**** Material provided ****

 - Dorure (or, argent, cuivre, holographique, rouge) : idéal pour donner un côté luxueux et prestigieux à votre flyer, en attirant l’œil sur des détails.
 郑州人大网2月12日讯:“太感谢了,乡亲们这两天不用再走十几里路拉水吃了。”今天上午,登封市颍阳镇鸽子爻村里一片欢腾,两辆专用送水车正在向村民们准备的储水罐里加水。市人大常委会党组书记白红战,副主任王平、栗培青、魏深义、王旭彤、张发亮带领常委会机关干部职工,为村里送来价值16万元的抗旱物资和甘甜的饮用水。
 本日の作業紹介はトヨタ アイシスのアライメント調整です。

****
**** Material provided ****

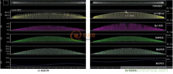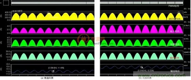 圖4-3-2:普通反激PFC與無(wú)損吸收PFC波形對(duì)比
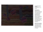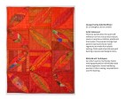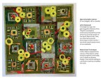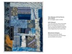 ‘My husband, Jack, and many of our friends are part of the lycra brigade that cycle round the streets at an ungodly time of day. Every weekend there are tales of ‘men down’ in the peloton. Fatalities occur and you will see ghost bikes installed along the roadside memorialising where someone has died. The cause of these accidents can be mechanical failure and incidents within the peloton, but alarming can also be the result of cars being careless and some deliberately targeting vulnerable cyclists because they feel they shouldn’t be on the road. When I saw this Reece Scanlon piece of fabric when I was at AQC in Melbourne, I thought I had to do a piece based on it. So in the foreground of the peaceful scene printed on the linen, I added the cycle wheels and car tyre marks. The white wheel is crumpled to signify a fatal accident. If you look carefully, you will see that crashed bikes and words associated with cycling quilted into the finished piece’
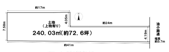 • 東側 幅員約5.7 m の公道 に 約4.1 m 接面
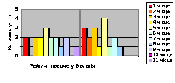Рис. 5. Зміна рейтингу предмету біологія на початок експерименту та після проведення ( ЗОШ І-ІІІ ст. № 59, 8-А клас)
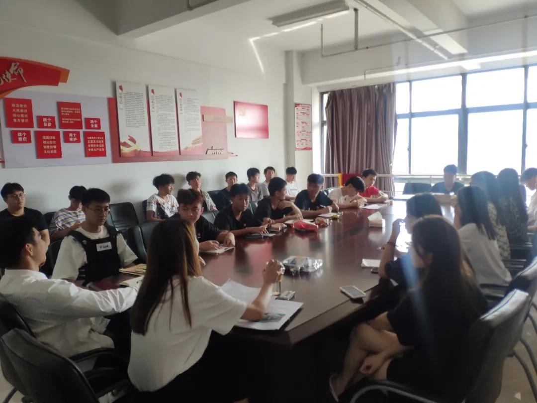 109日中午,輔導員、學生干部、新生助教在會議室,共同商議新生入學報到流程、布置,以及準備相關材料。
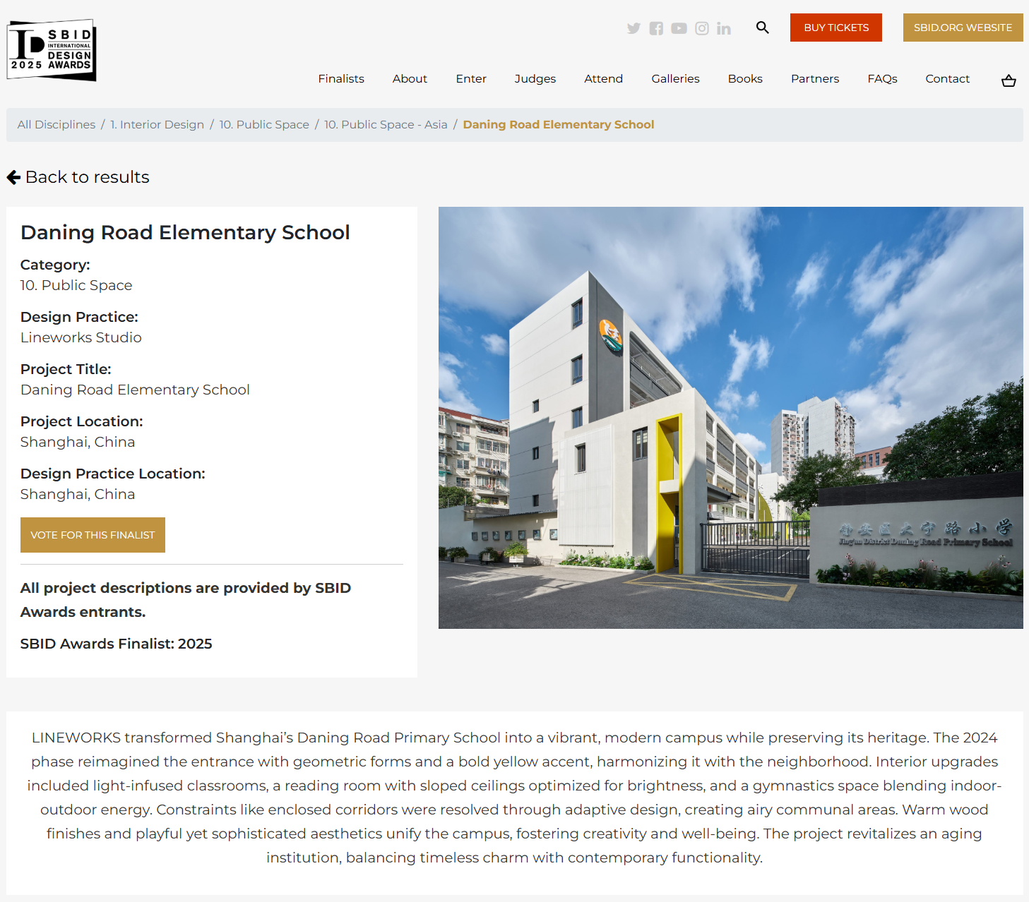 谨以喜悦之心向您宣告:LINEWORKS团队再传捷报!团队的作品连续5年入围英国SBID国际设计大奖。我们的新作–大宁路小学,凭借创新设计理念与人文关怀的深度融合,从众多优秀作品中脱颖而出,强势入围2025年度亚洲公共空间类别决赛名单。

****

### [Your instructions]
For this exercise, set down the lines in the entries above from the one with "圖4-3-2:普通反激PFC與無(wú)損吸收PFC波形對(duì)比" through the one with "谨以喜悦之心向您宣告:LIN" exactly as written, without any pictures.

### [Your response]
 圖4-3-2:普通反激PFC與無(wú)損吸收PFC波形對(duì)比
 ‘My husband, Jack, and many of our friends are part of the lycra brigade that cycle round the streets at an ungodly time of day. Every weekend there are tales of ‘men down’ in the peloton. Fatalities occur and you will see ghost bikes installed along the roadside memorialising where someone has died. The cause of these accidents can be mechanical failure and incidents within the peloton, but alarming can also be the result of cars being careless and some deliberately targeting vulnerable cyclists because they feel they shouldn’t be on the road. When I saw this Reece Scanlon piece of fabric when I was at AQC in Melbourne, I thought I had to do a piece based on it. So in the foreground of the peaceful scene printed on the linen, I added the cycle wheels and car tyre marks. The white wheel is crumpled to signify a fatal accident. If you look carefully, you will see that crashed bikes and words associated with cycling quilted into the finished piece’
 • 東側 幅員約5.7 m の公道 に 約4.1 m 接面
Рис. 5. Зміна рейтингу предмету біологія на початок експерименту та після проведення ( ЗОШ І-ІІІ ст. № 59, 8-А клас)
 109日中午,輔導員、學生干部、新生助教在會議室,共同商議新生入學報到流程、布置,以及準備相關材料。
 谨以喜悦之心向您宣告:LINEWORKS团队再传捷报!团队的作品连续5年入围英国SBID国际设计大奖。我们的新作–大宁路小学,凭借创新设计理念与人文关怀的深度融合,从众多优秀作品中脱颖而出,强势入围2025年度亚洲公共空间类别决赛名单。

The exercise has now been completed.